Pleasure, death, settle

If Ecclesiastes is good for anything it is certainly good for pondering the meaning of life! In chapter 2 we find the “preacher” or Solomon seemingly mulling over the question, “How should I spend my life? And here we find some interesting things. We find his first try at squeezing the meaning out of life out of living is the fullness of entertainment.

Ecclesiastes 2:1-2  I said in my heart, “Come now, I will test you with pleasure; enjoy yourself.” But behold, this also was vanity. I said of laughter, “It is mad,” and of pleasure, “What use is it?” 

But ultimately he finds that it is lacking. A life of enjoyment under the sun yields nothing. It has no use or purpose without God. How many times have we suddenly awoken to the fact that we have spent many days, maybe even weeks, just indulging in pleasures, entertainment, and fun only to ask ourselves the question, “what have I been doing with my life?” He says its all for nothing.

The “preacher” turns to discover if wisdom will give it or if work. Only to find more of the same result. All the pleasure, knowledge, or accomplishments we can acquire won’t give us meaning or purpose without God and eternity.

Ecclesiastes 2: 13-15 Then I saw that there is more gain in wisdom than in folly, as there is more gain in light than in darkness. 14 The wise person has his eyes in his head, but the fool walks in darkness. And yet I perceived that the same event happens to all of them. 15 Then I said in my heart, “What happens to the fool will happen to me also. Why then have I been so very wise?” And I said in my heart that this also is vanity. 

Can’t you hear him say, “What’s the point?”

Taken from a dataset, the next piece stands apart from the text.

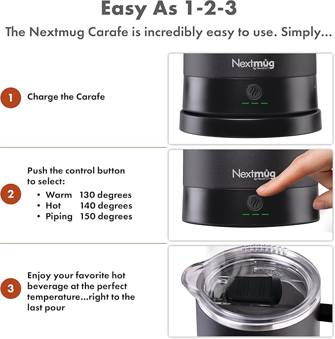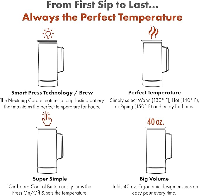 - THE PERFECT TEMPERATURE – The Nextmug Carafe will hold your hot beverage at its temperature for hours. Simply select Warm (130° F), Hot (140° F), or Piping (150° F) and enjoy for hours.

It is true that wisdom is better than folly and we can see that light is better than darkness. It makes sense because a fool will walk around like he is in the dark not realizing he is even in the dark, tripping over himself and making a mess of his life. While the wise person has eyes in his head to see what the heck he is doing and gains ground on what he would like to do!

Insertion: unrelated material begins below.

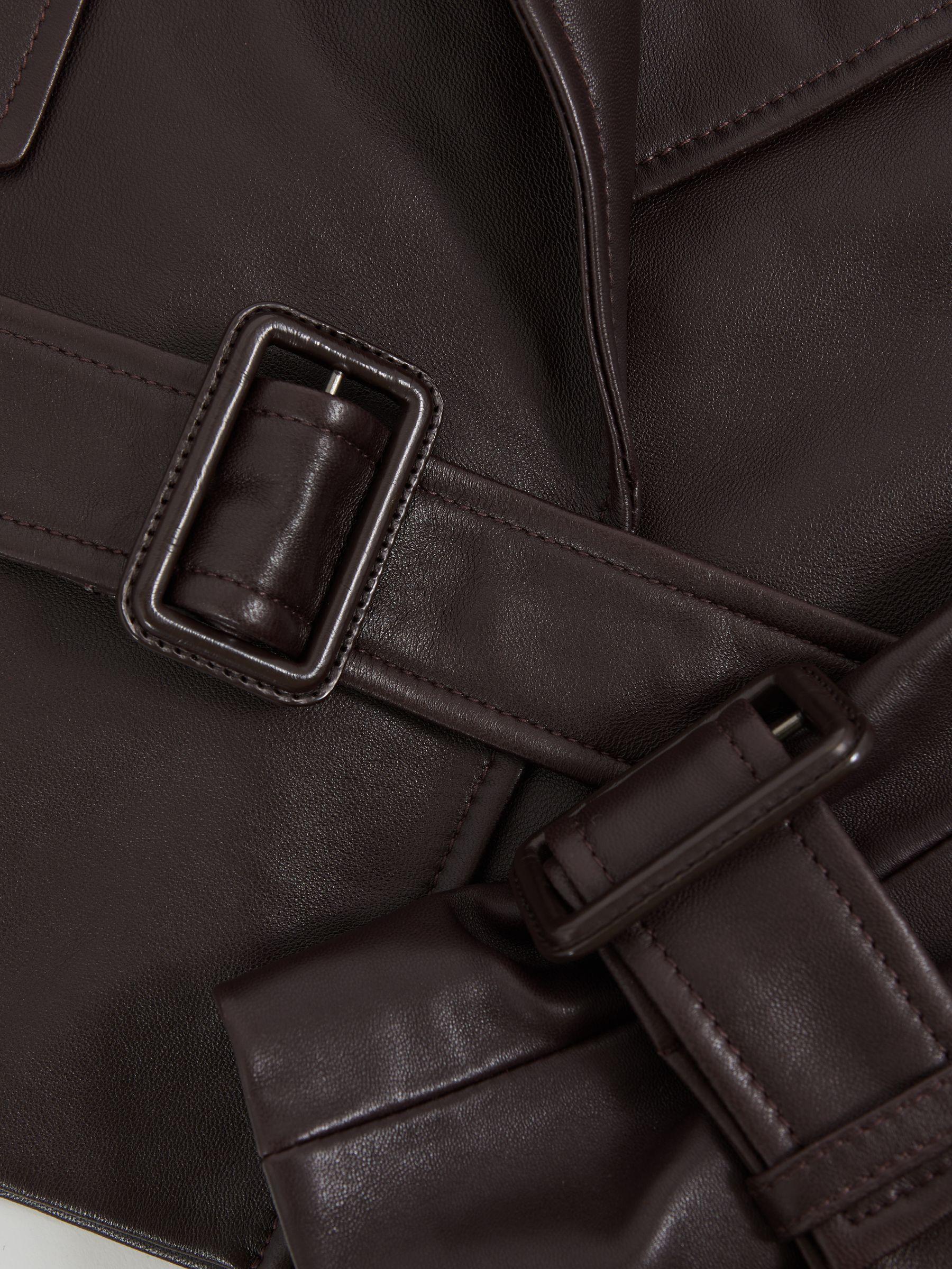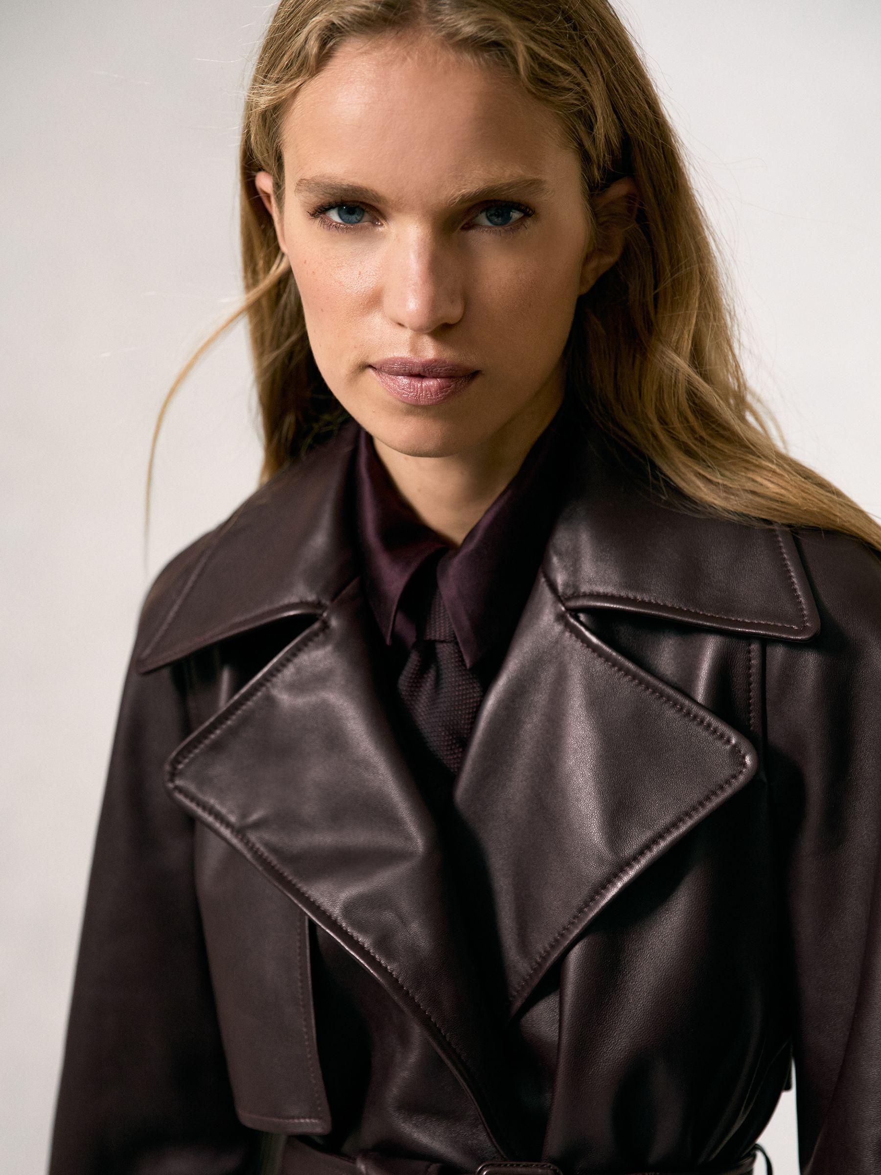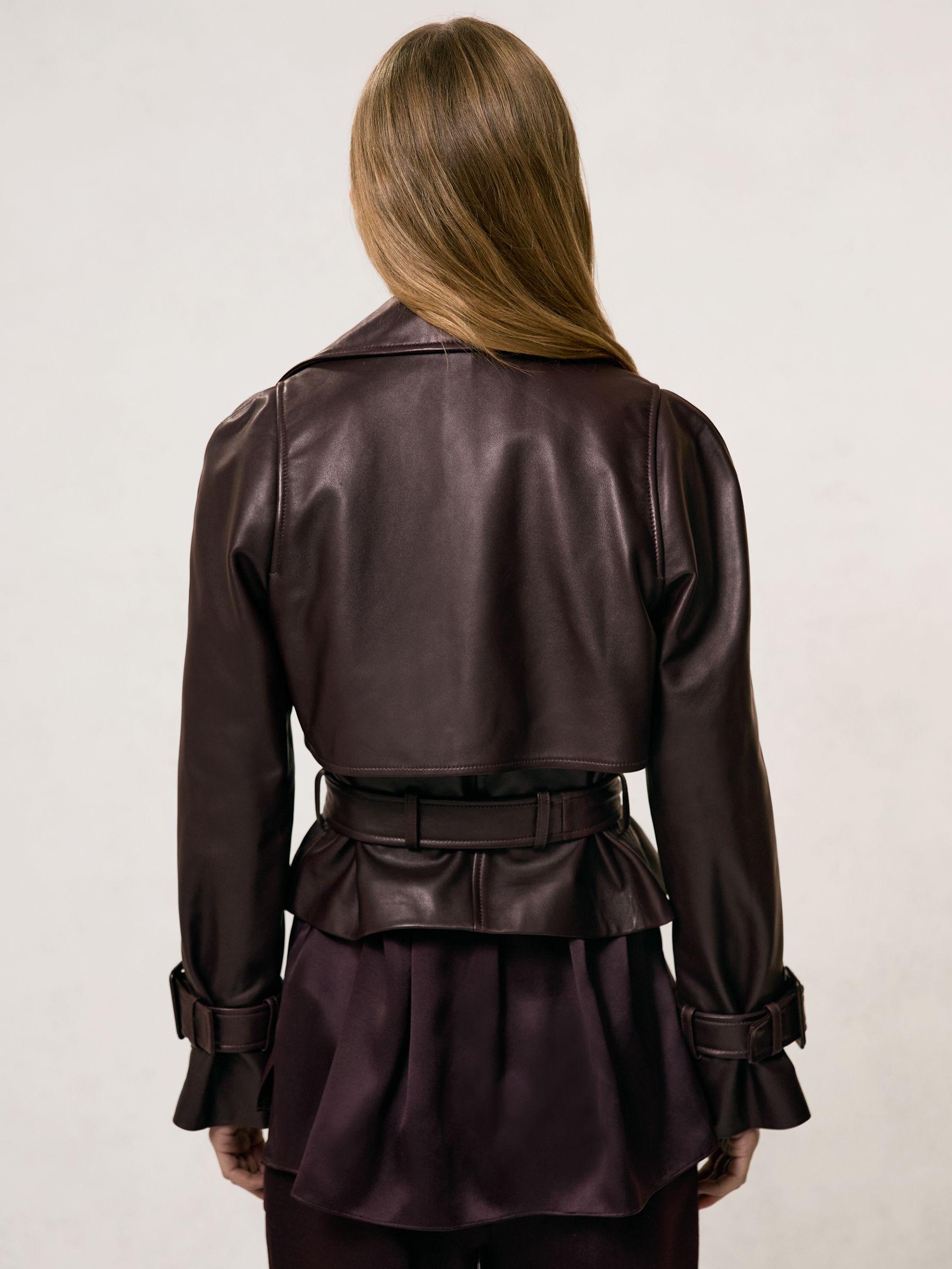 Crafted from butter-soft leather and cut to a cropped silhouette, the Bodie jacket gives the classic trench a contemporary update. It retains it's heritage appeal through wide lapels, a storm flap, and belted waist and cuffs, reinterpreted with a clean, modern finish. 100% leather. Double-breasted. Storm flap. Notch lapels. Belted waist and cuffs Lined.

But the same thing happens to them both in the end: Death.

Ecclesiastes 2:18-19 I hated all my toil in which I toil under the sun, seeing that I must leave it to the man who will come after me, 19 and who knows whether he will be wise or a fool? Yet he will be master of all for which I toiled and used my wisdom under the sun. This also is vanity.

Death comes for us all and nothing can stop it. Everything we have becomes someone else’s. They don’t even have to work for it. If all we have is what we can acquire in the here and now. We can understand how that would be frustrating to lose it all in death but here’s the thing we weren’t made for here, we were made for eternity.

But when we don’t know that, when we think YOLO: you only live once we end up simply settling for what we can get, which end up being just scraps off the table compared to what God really has in store.

Ecclesiastes 2:24-26 There is nothing better for a person than that he should eat and drink and find enjoyment in his toil. This also, I saw, is from the hand of God, 25 for apart from him who can eat or who can have enjoyment? 

Without a heavenly view point and to know the God who makes all things good we try to make the best of a bad situation and settle for the purpose of eat, drink, and find enjoyment.

Even Solomon, who was the wisest man on earth, who should have been able to find enjoyment on earth, knew that this is the best that could be done, is a meaningless world.